The 2010 Ellerslie Flower Show, New Zealand’s premier annual gardening event, opened to show nearly 100 horticultural exhibits with more than 30 display gardens. This year designers were seen framing their aesthetics by issues of sustainability, with materials brought from sustainable sources. The entries came with a message of preventing the wasteful use of natural resources.

A landscape architect student, Andy Ellis, and John Kamo displayed their work the gold award garden The Last Laugh, which is a composition of lawn, decking and pond that has been smacked into disarray by a large boulder and satellite rocks, representing Mother Earth fighting back against the human impact on the planet. Industrial and waste materials helped in creating something called the “0800 Pool Hire leisure complex.” Designed by Craig Pocock, the creation includes the shell of a freight container served as a stylish pavilion, with high-sided rubbish skips as brightly colored pools, the water circulating through gravel-filled smaller skips planted with bulrushes for chemical-free filtration.
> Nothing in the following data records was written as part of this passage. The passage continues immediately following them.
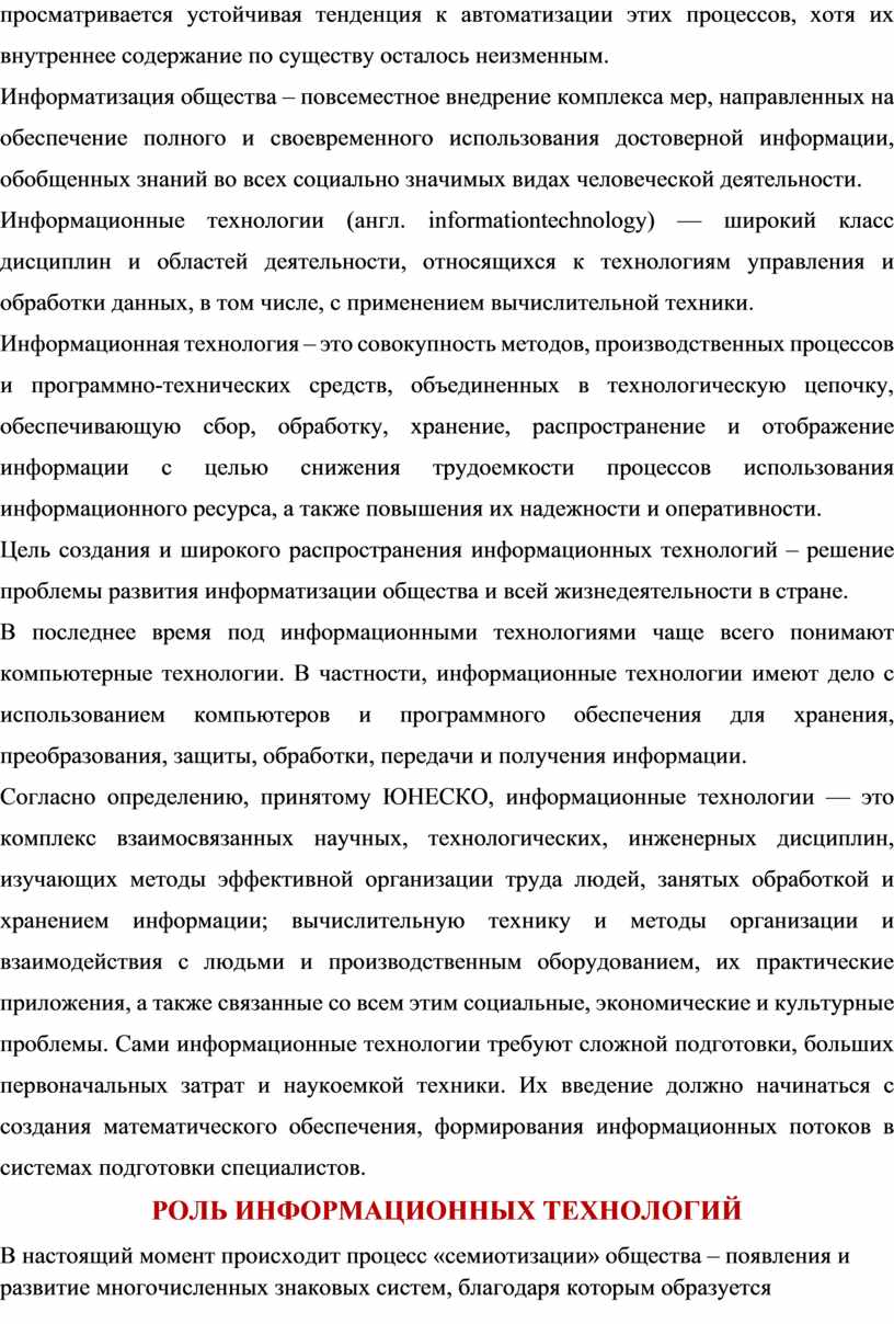 Информатизация общества – повсеместное внедрение комплекса мер, направленных на обеспечение полного и своевременного использования достоверной информации, обобщенных знаний во всех социально значимых видах человеческой деятельности.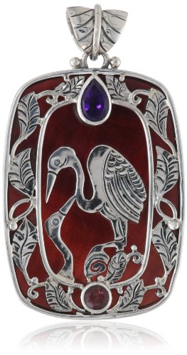 - Title : Sajen Sterling Silver Hand made Heron and Black Shell with Stones Pendant Necklace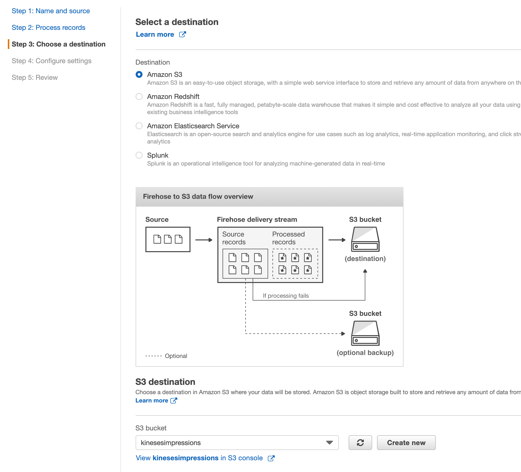 This page describes how to setup an AWS Kinesis Stream service to store Split Impressions data in AWS S3 in JSON format.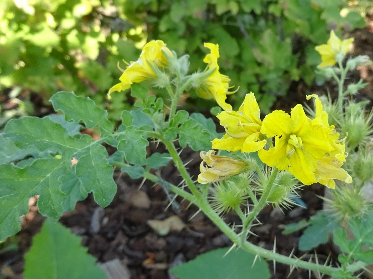 Th – 3-6 dm – Plante épineuse, feuilles à segments obtus et lobés – Corolle de Ø 2-3 cm jaune vif à lobes récurvés, étamine < cornue – Baie logée dans le calice accrescent épineux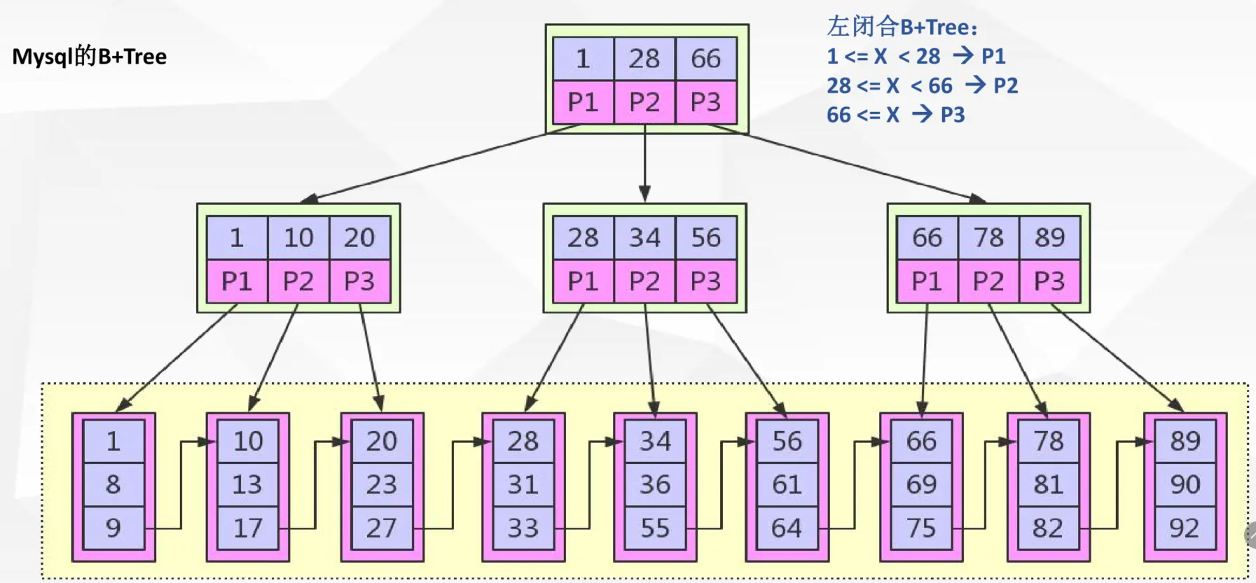 - B+叶子节点是顺序排列的,并且相邻节点具有顺序引用的关系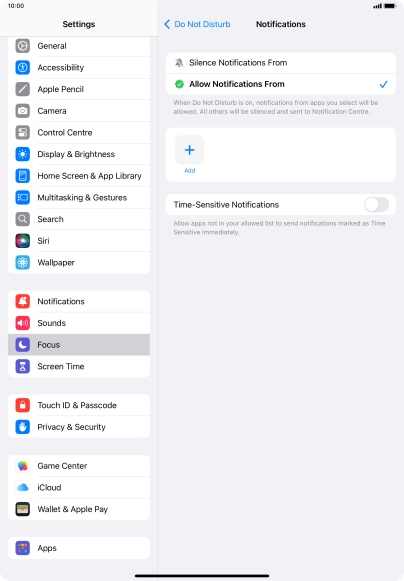 Press Apps and follow the instructions on the screen to select which apps you would like to receive notifications from when Do Not Disturb is turned on.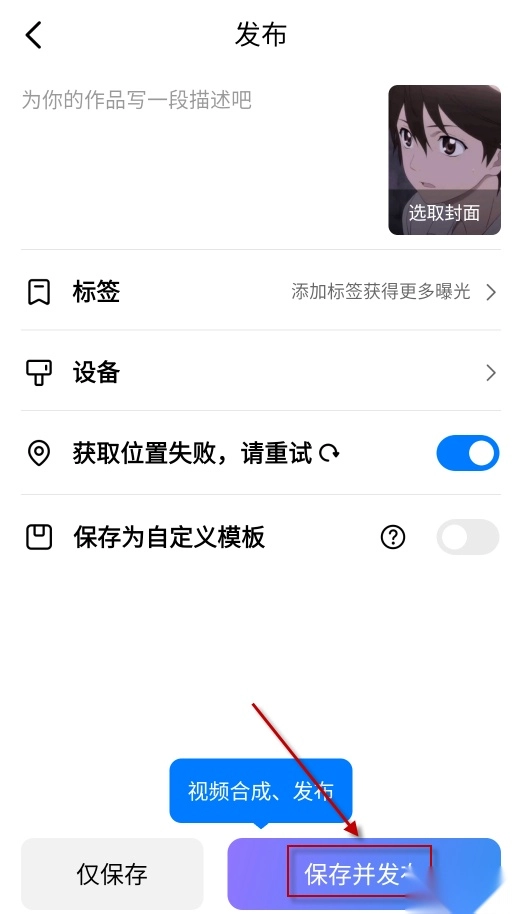 添加作品描述,设置标签、位置等信息,最后点击“保存合并”选项就可以了。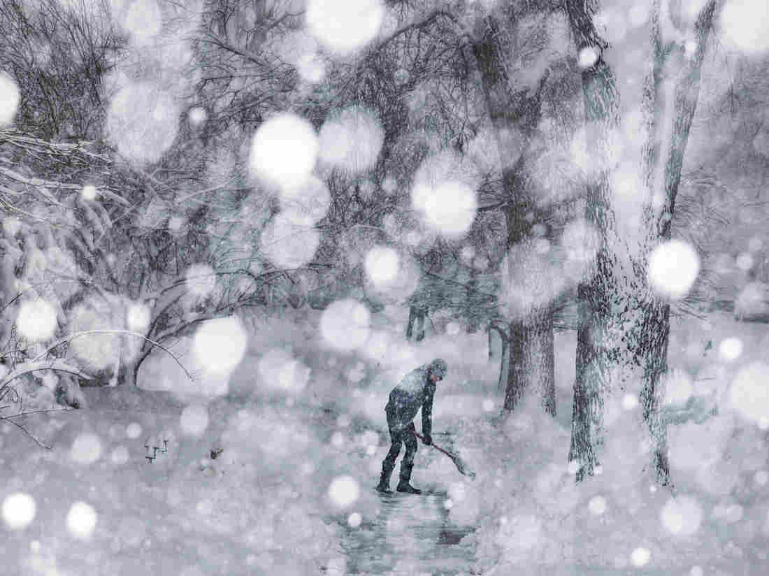 Kathy Gomez shovels her sidewalk on Sunday in Denver. Around 2,000 flights in and out of Denver have been canceled this weekend and highways around the state have been closed down as a winter storm pummels Colorado and neighboring states. Michael Ciaglo/Getty Images hide caption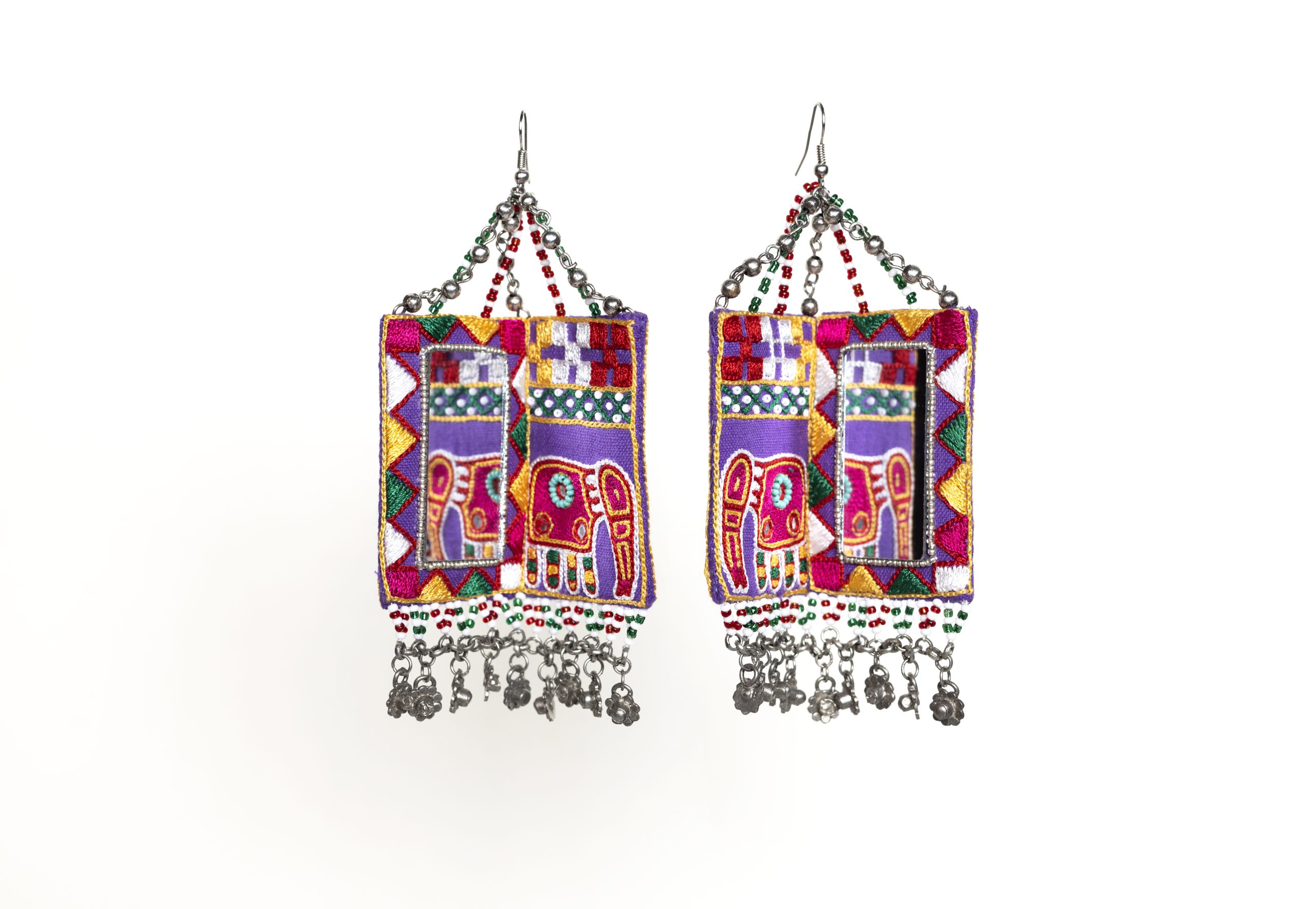 Exclusive handcrafted earrings with our traditional Indian motifs and bead hanging, specially designed for the Navratri and Durga Pooja festivals. Embroidered elephant motif on one side and embroidered mirror on 2nd side of an earring, for giving a reflection of the elephant in a mirror. Lightweight and easy to carry. Provided with a hook on top.

Project Legit’s background graffiti-art sprayed recycled fence displayed the loss of school swimming pools and to attitudes to waste disposal. A portrayal of sustainable thinking was Carl Pickens’ Peace by Piece. The work threw light on ways to make the world a better place and volunteers transcribed these responses on to discarded glass bottles. The bottles were place into high curved wooden walls defining a flower-shaped garden with an overflowing bowl of Oamaru quartz at its heart. Demonstrating that practical use does not have to sacrifice beauty or usability of the outdoors, a number of gardens were based on edible plants. The show truly was magical.